В Британии существовало подобие мобильных сетей, но, как и во всём мире, государство жестко контролировало частоты. И, хотя в Британии радиотелефоны производила частная компания, но она контролировалась государством.

— На хер! — выругался я мысленно. — Не забивай голову ерундой. Всему своё время. Сейчас дают в мои руки средства телекоммуникации? Хорошо! Освой эту стезю. Никуда они не денутся без моих процессоров и других микросхем. А в них можно запихать чёрт знает что. И запихаем. Это я знаю как делать и без моего «искусственного интеллекта». А уж с ним мы такого тут наворотим, что хрен эти англосаксы разберутся и через сорок лет. Ха-ха-ха!

Я посмотрел на себя в зеркало.
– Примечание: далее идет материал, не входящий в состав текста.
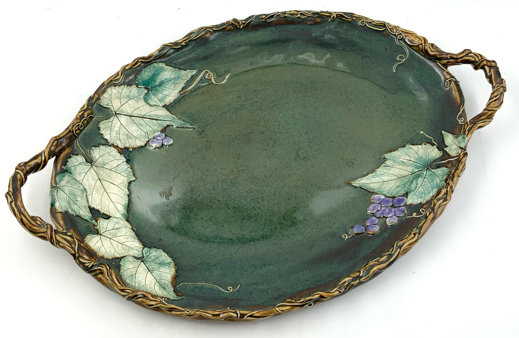 Platter, Pottery, Oval, Grape Motif, Handmade, 21"wx14"h

На меня спокойным, расслабленным взором смотрел молодой человек лет двадцати. Слава Богу, что резкие скачки изменений в моём теле прекратились на этом обличии. У тела Женьки день рождения был в апреле и по его метрике мне должно было в семьдесят седьмом стукнуть шестнадцать, а выгляжу я на двадцать. Джону в семьдесят четвёртом было «почти восемнадцать». У него день рождения в ноябре. Сейчас, в этом году должно исполнится двадцать один. Ну и нормально. Соответствуем! Хе-хе! Так держать!

Меня вдруг обуяла бесшабашная весёлость и я, схватив и включив гитару, начал выводить какой-то рок-н-рольный ритм, а потом, как-то само собой, я запел:

— Слепили бабу на морозе: руки, ноги, голова. Она стоит в нелепой позе — не жива и не мертва. А мне другой не надо нынче, пусть красивых в мире тыщи, нет её белей и чище, и другой такой не сыщешь. Хоть ты тресни.[1]

Только к середине песни я понял, что пою по-английски. И в рифму, мать твою! Ха-ха! Допев до конца, я тут же, пока не забыл, переписал слова на обороте какого-то документа и уставился в текст.

— Охренеть! — высказался я по этому поводу и включил воспроизведение. Магнитофон у меня автоматически включался на запись, как только в микшер поступал сигнал от какого либо инструмента или микрофона.

Звучало очень даже сносно и мне стало жаль, что я всё больше отвлекаюсь от музыки, а ведь хотел издать пластинку «Русские песни». Однако здесь я понял, что это не возможно. Сразу попаду под подозрение, ибо всё русское британцам было чуждо. Это не Америка, где продаются записи различных эмигрантских исполнителей, в том числе и русских. Кстати, по этой причине, наши с Сьюзи Кватро «Французский» и «Итальянский» альбомы очень хорошо продавались в Соединённых штатах.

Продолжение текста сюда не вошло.